Assignment: Below are some records. Return exactly their lines from the one containing "Step into effortless" through the one containing "意味不明あだ名 | 『眠気覚ましガムっせー味』『自称っせー』 |", and drop the pictures.

*** Task input ***

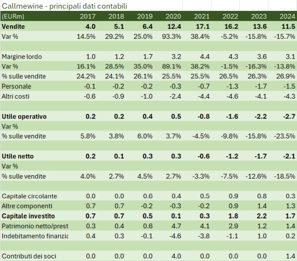 Tornando a Callmewine, il 2024 è un anno molto difficile che segue la traiettoria partita nel 2021 di perdite sempre più marcate, che arrivano a 2.1 milioni di euro. La struttura finanziaria torna in equilibrio grazie al contributo dei soci di 1.4 milioni di euro in aumento di capitale, oltre a un ulteriore 1 milione di euro a titolo di prestito soci, il secondo dopo i 4 milioni iniettati nel 2020.
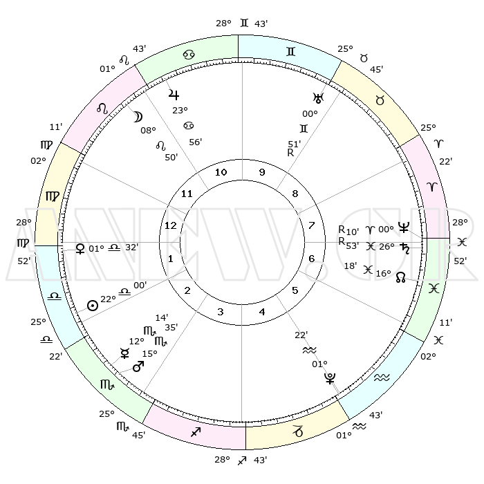 | ΘΕΣΕΙΣ ΠΛΑΝΗΤΩΝ ΑΣΤΡΟΛΟΓΙΚΟΥ ΧΑΡΤΗ ΤΗΣ ΣΤΙΓΜΗΣ ΑΥΤΗΣ | | Πλανήτης | Ζώδιο | Μοίρες | Δεκαήμ. | Σε οίκο | Απόκλιση | | Ακμές των οίκων | Ηλιος | Ζυγός | 21°49' | Τρίτο | 4 | 08 S 30 | | 1ος | 01°07' | Λέων | Σελήνη | Λέων | 06°13' | Πρώτο | 1 | 22 N 05 | | 2ος | 22°14' | Λέων | Ερμής | Σκορπιός | 11°57' | Δεύτερο | 4 | 17 S 03 | | 3ος | 17°26' | Παρθένος | Αφροδίτη | Ζυγός | 01°17' | Πρώτο | 3 | 00 N 53 | | 4ος | 18°36' | Ζυγός | Αρης | Σκορπιός | 15°27' | Δεύτερο | 4 | 16 S 41 | | 5ος | 24°37' | Σκορπιός | Δίας | Καρκίνος | 23°55' | Τρίτο | 12 | 21 N 22 | | 6ος | 00°08' | Αιγόκερως | Κρόνος | Ιχθείς | 26°54'R | Τρίτο | 9 | 03 S 32 | | 7ος | 01°07' | Υδροχόος | Ουρανός | Δίδυμοι | 00°51'R | Πρώτο | 11 | 20 N 07 | | 8ος | 22°14' | Υδροχόος | Ποσειδώνας | Κριός | 00°11'R | Πρώτο | 9 | 01 S 11 | | 9ος | 17°26' | Ιχθείς | Πλούτωνας | Υδροχόος | 01°22' | Πρώτο | 7 | 23 S 32 | | 10ος | 18°36' | Κριός | Β. Δεσμός | Ιχθείς | 16°18' | Δεύτερο | 8 | 05 S 24 | | 11ος | 24°37' | Ταύρος | Ωροσκόπος | Λέων | 01°07' | Πρώτο | | | 12ος | 00°08' | Καρκίνος | Μεσουράνημα | Κριός | 18°36' | Δεύτερο | | | |
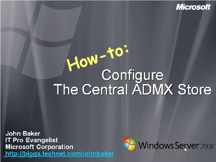 Notes • http: //technet. microsoft. com/enus/library/cc 709647. aspx • http: //technet. microsoft. com/enus/video/screencast-how-to-configure-thecentral-admx-store. aspx
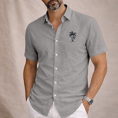 Herr Linneskjorta Minimalistisk Aloha skjorta Sommarskjorta Casual skjorta Knapp upp skjorta Kokosnötsträd Ledigt Strand Svart Vit Rodnande Rosa Himmelsblå Kortärmad Kavajslag Sommar Kläder
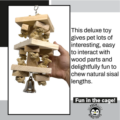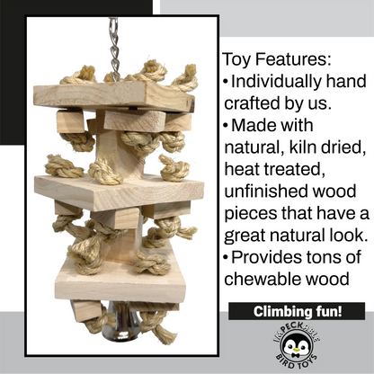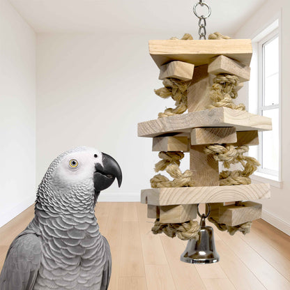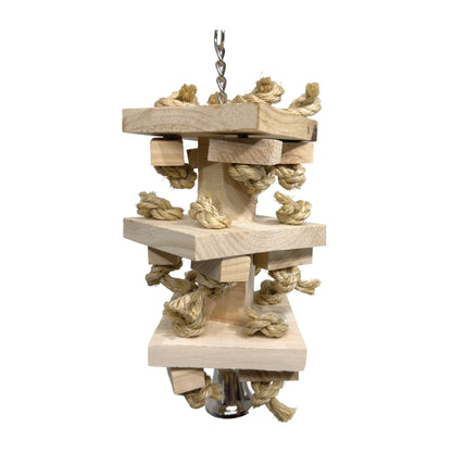 The toy begins with a heavy-duty quick link at the top, allowing for easy and secure cage installation. A sturdy metal chain runs through the center, anchoring multiple layers of thick, untreated wooden blocks. These blocks are connected and spaced with tough natural sisal rope tied into thick knots, offering grip, resistance, and a satisfying challenge for busy beaks.
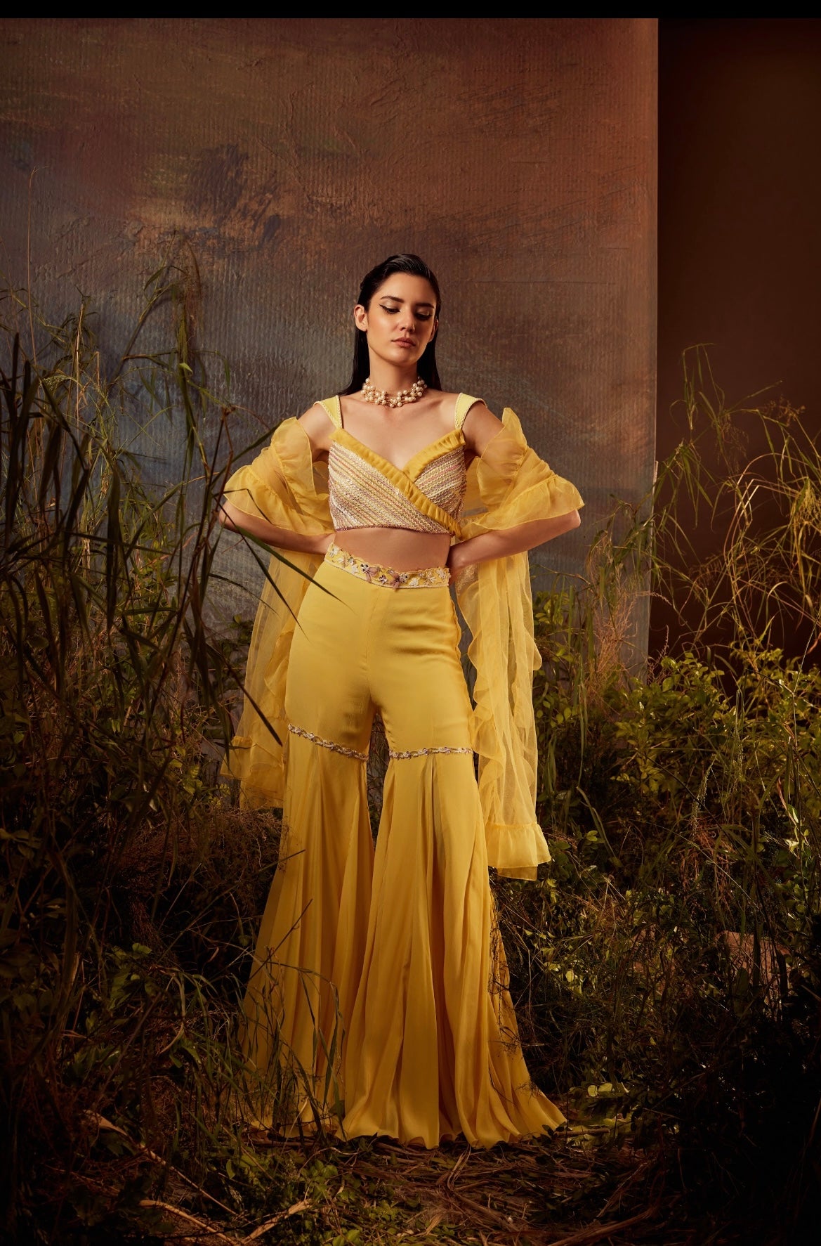 Yellow hand embroidered bralette that is paired with a modern cut sharara pants and ruffle dupatta.
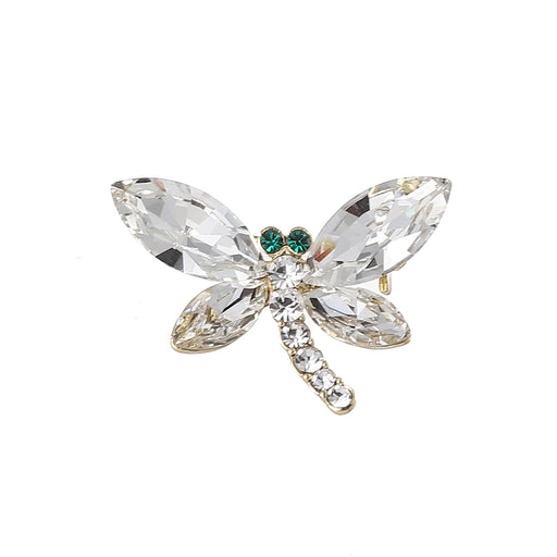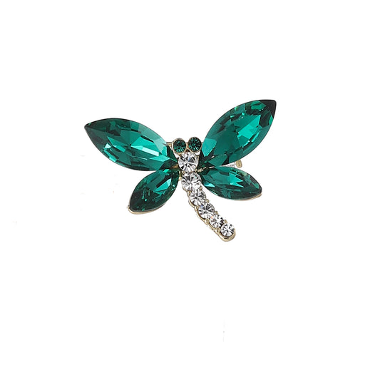 Elevate your style with our delicate gold plated dragonfly brooch with green glass and crystal detailing. Add some sparkle to your look. 30mm wide....
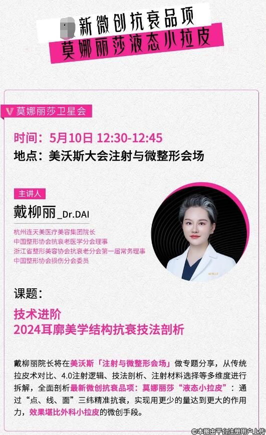 今年莫娜麗莎將在美沃斯大會,傳承“耳廓美學”核心價值,展示4.0打法的少量注射,提拉抗衰的前沿技術。5月10日,我們杭州“再”見!
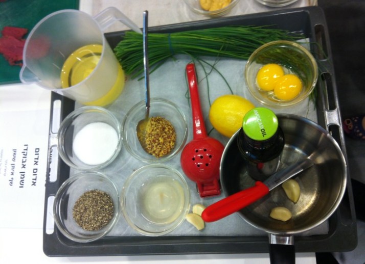 - מוסיפים את השמן בזילוף עד למרקם הרצוי
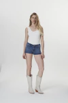 Mini short denim elastizado de tiro medio, diseñado para acompañar el movimiento y resaltar la figura sin perder comodidad.
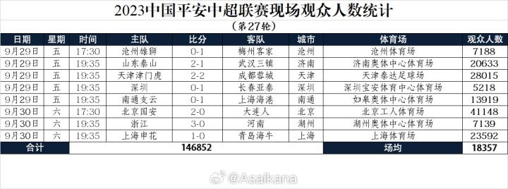 中超第27轮现场观众:国安vs大连41148人最多,三场未过万ETChalmers @懂球帝2023-09-30 23:53中超第27轮战罢,本轮现场观众人数统计出炉,工体41148人最多,三场比赛未过万。中超第27轮现场观众人数沧州雄狮vs梅州客家 7188人山东泰山vs武汉三镇 20633人天津津门虎vs成都蓉城 28015人深圳vs长春亚泰 5218人南通支云vs上海海港 13919人北京国安vs大连人 41148人浙江vs河南 7139人上海申花vs青岛海牛 23592人数据来源:@Asaikana 展开更多
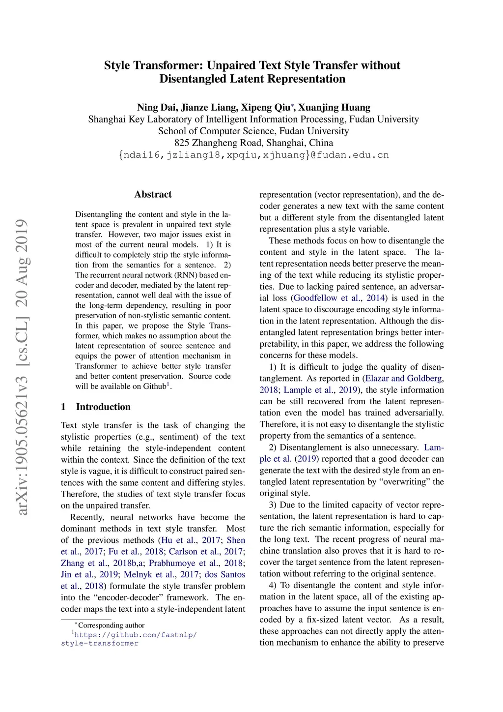 Style Transformer: Unpaired Text Style Transfer without Disentangled
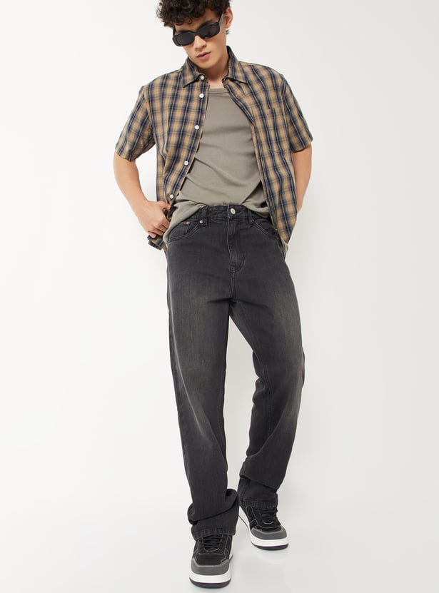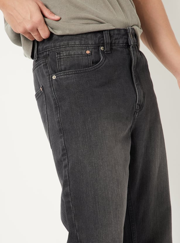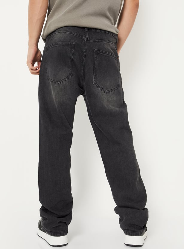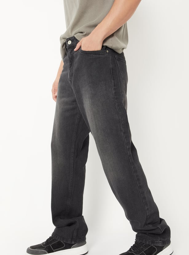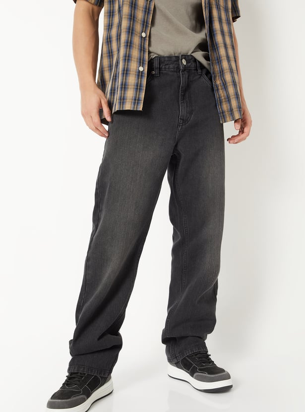 Step into effortless style with these washed, straight-fit jeans, featuring a secure button closure, classic mid-rise waist, and practical belt loops. Designed with functional pockets and a streamlined silhouette, they deliver a modern look.
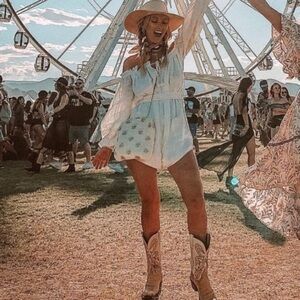 cottagecore romper, western romper, linen romper, festival outfit, white playsuit, spell clothing, soft prairie style, desert vibes, cowboy boots outfit, romantic one piece, lace detail romper, western summer look, Marfa outfit, vintage style inspo, boho cottage
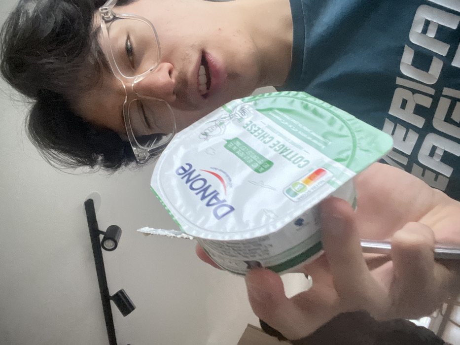 The image displays a young male subject in an indoor setting, identified as Villeneuve-d'Ascq, France. The male, with dark, wavy hair and wearing clear-framed eyeglasses, is clad in a dark-colored t-shirt with "AMERICAN EAGLE" text partially visible. His right eye is closed in a wink, and his mouth is slightly open. He is holding a white and green plastic cup of Danone Cottage Cheese in his left hand, positioned centrally in the frame and partially obscuring his lower face. The lid of the cottage cheese container is partially peeled back, revealing the white product within, and a silver spoon or utensil is visible inside. The product label clearly displays "DANONE" and "COTTAGE CHEESE," along with a Nutri-score 'C'. The background is a plain, light-colored ceiling equipped with a black track lighting fixture featuring multiple spotlights.
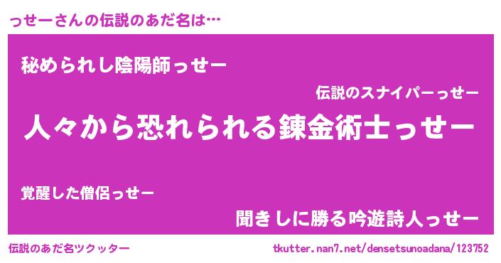 | 意味不明あだ名 | 『眠気覚ましガムっせー味』『自称っせー』 |
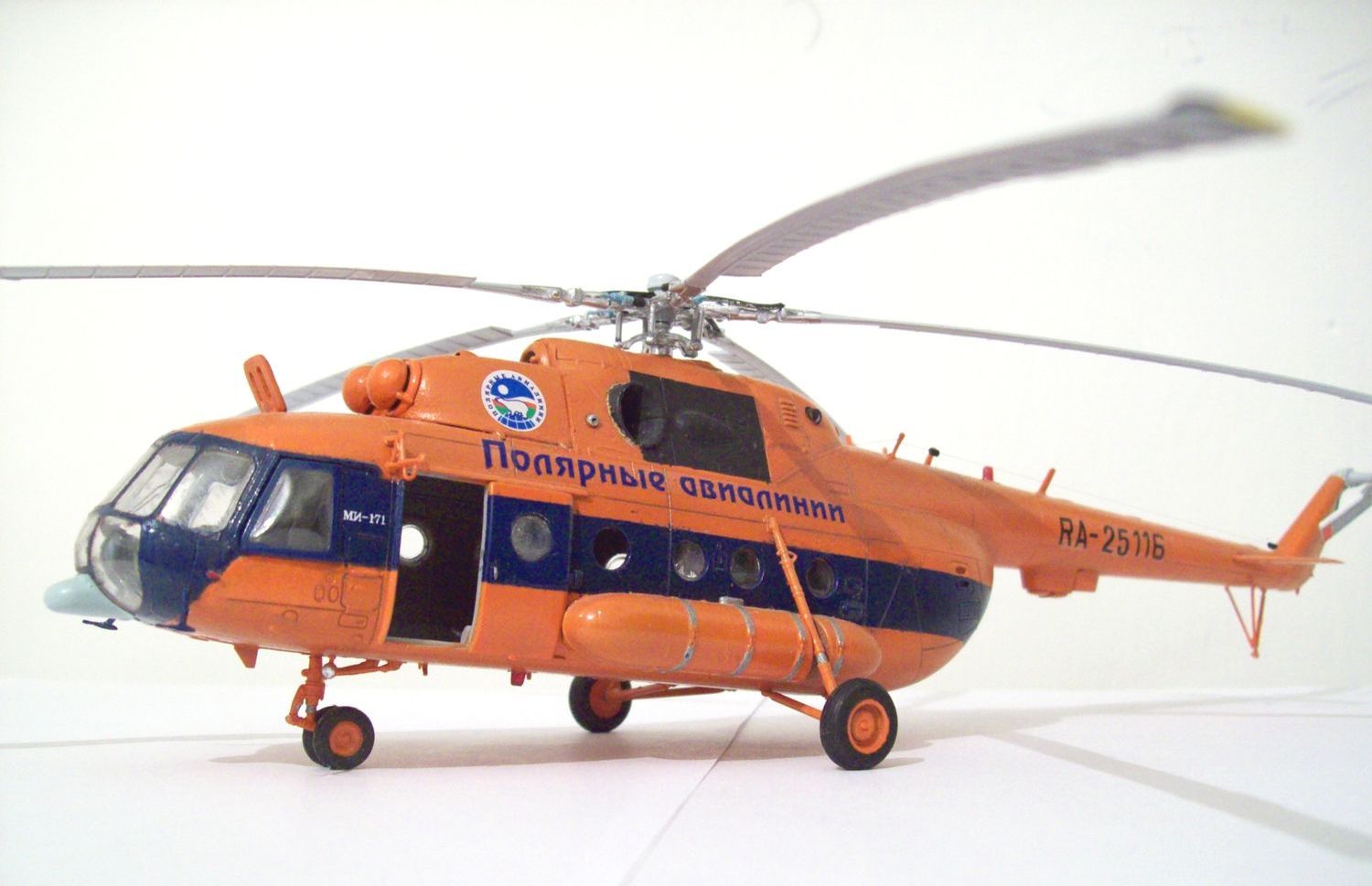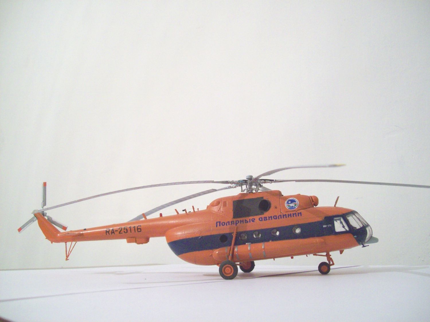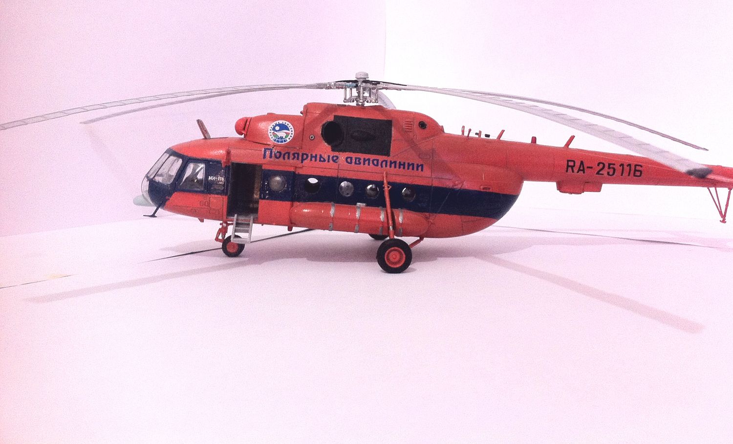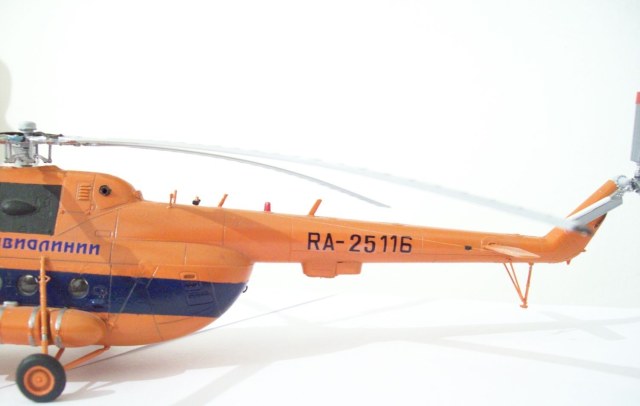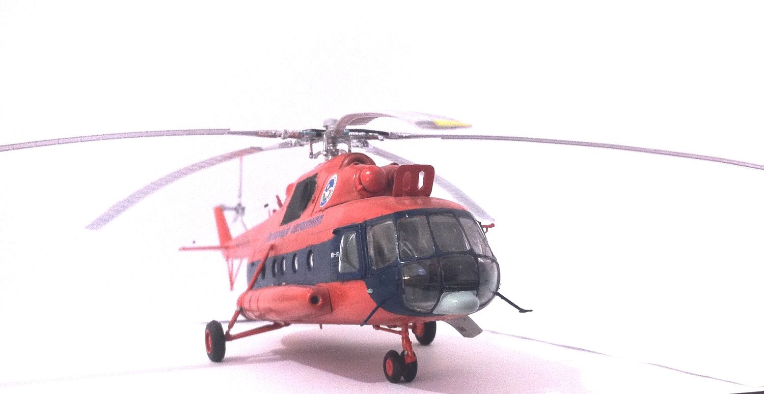 Здравствуйте уважаемые коллеги хочу представить на Ваш суд свою первую осознанную модель))) Восьмерку люблю с детства, очень много воспоминаний связано с этим вертолетом. Набор всем известен, считаю его самым оптимальным в указанном масштабе, так как альтернативны никакой. Модель в основе из коробки с небольшими доработками: колеса "Экипаж" очень понравились, тросовые антенны, бано выточены вручную, из красных и зеленых прозрачных кусочков пластика, декаль "Бегемот" окрашена модель краской спрей фирмы "Тамия" в мат часть не углублялся, собрал как душе было угодно, готов выслушать Ваши ценные советы!!! Прошу прощения за фотографии, никак не могу поймать фокус, хваленая камера iPhone не желает этого делать(
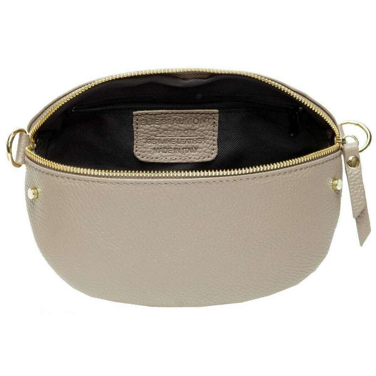 Brought to you by the brand Elie Beaumont, this mink grey women's sling bag is made from 100% genuine premium leather. It measures 10cm(height) x 25cm(width) x 5.5cm(depth). All the bags come complete with elie beaumont packaging. The Elie Beaumont Sling Bag - Mink Grey perfect for a sophisticated everyday wear with its versatile styling options with the adjustable strap. Featuring internal pockets for storage and organisation and a large main compartment to fit your essentials. Crafted from genuine premium leather gives a sleek and luxurious appeal whilst being durable and long lasting. Complete with gold hardware for sophistication.

*** End of Task input ***

Task answer:
 Step into effortless style with these washed, straight-fit jeans, featuring a secure button closure, classic mid-rise waist, and practical belt loops. Designed with functional pockets and a streamlined silhouette, they deliver a modern look.
 cottagecore romper, western romper, linen romper, festival outfit, white playsuit, spell clothing, soft prairie style, desert vibes, cowboy boots outfit, romantic one piece, lace detail romper, western summer look, Marfa outfit, vintage style inspo, boho cottage
 The image displays a young male subject in an indoor setting, identified as Villeneuve-d'Ascq, France. The male, with dark, wavy hair and wearing clear-framed eyeglasses, is clad in a dark-colored t-shirt with "AMERICAN EAGLE" text partially visible. His right eye is closed in a wink, and his mouth is slightly open. He is holding a white and green plastic cup of Danone Cottage Cheese in his left hand, positioned centrally in the frame and partially obscuring his lower face. The lid of the cottage cheese container is partially peeled back, revealing the white product within, and a silver spoon or utensil is visible inside. The product label clearly displays "DANONE" and "COTTAGE CHEESE," along with a Nutri-score 'C'. The background is a plain, light-colored ceiling equipped with a black track lighting fixture featuring multiple spotlights.
 | 意味不明あだ名 | 『眠気覚ましガムっせー味』『自称っせー』 |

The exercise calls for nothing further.